Vayasem derech shloshet yamim beyno uveyn Ya'akov veYa'akov ro'eh et-tson Lavan hanotarot.
30:37 Jacob took wands of fresh storax, almond and plane. He peeled white stripes in them by uncovering the white layer under the wands' [bark].
Vayikach-lo Ya'akov makal livneh lach veluz ve'armon vayefatsel bahen petsalot levanot machsof halavan asher al-hamaklot.


three day journey
  According to the Talmud (Pesachim 93b), a day's journey is 10 parsangs or approximately 34 miles. (The Talmud thus defines the distance between Jerusalem and Mod'in, a distance of 17 miles, as being 15 mil or 5 parsangs). A three day journey was therefore 102 miles.

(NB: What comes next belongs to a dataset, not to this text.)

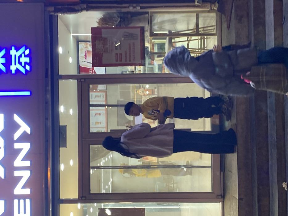 The image depicts a nighttime street scene in Zhongtun, China, in front of a beverage shop named "JENNY 茶" (JENNY Tea). The store's illuminated sign displays "JENNY" in white neon and the character "茶" in blue neon above a glass storefront with double doors. Three individuals are prominent in the foreground. To the left, a woman with long dark hair, wearing a light-colored cardigan over dark pants, stands facing slightly right, her back mostly to the camera. She appears to be interacting with a young boy positioned to her right. The boy wears a yellow long-sleeved shirt featuring a Mickey Mouse graphic, dark cargo-style pants, and patterned sneakers. He holds a small, dark object in his hands. To the right, a third individual walks from right to left, partially obscured by the foreground. This person wears a dark, hooded puffer jacket with the hood up, and carries a brown and white patterned tote bag from which a pink plush item is visible. Inside the brightly lit store, various items are visible through the glass: posters displaying beverages, an advertisement board with red text and the phone number "15241533368," and several bar stools and tables. A person in a yellow garment is reflected in the glass on the left side of the store's interior. The exterior ground consists of several dark-colored steps leading up to the store entrance.

  (Ibn Janach; Radak, Sherashim; Septuagint). Livneh in Hebrew, a 'white tree.' It was believed to have occult powers, and was sacred to idolators (Hosea 4:13). The storax (styrax) has white blossoms (cf. Targum Yonathan), and its bark yields a brown, vanilla-scented resin when it is peeled. Others, however, identify the livneh as the white poplar (populus alba), a tree having white bark (Rashi on Hosea 4:13; cf. Septuagint there). Here Rashi translates it as tremble, French for aspen, a species of poplar. Others translate it as elm (Radak on Hosea 4:13). A possible allusion to Laban.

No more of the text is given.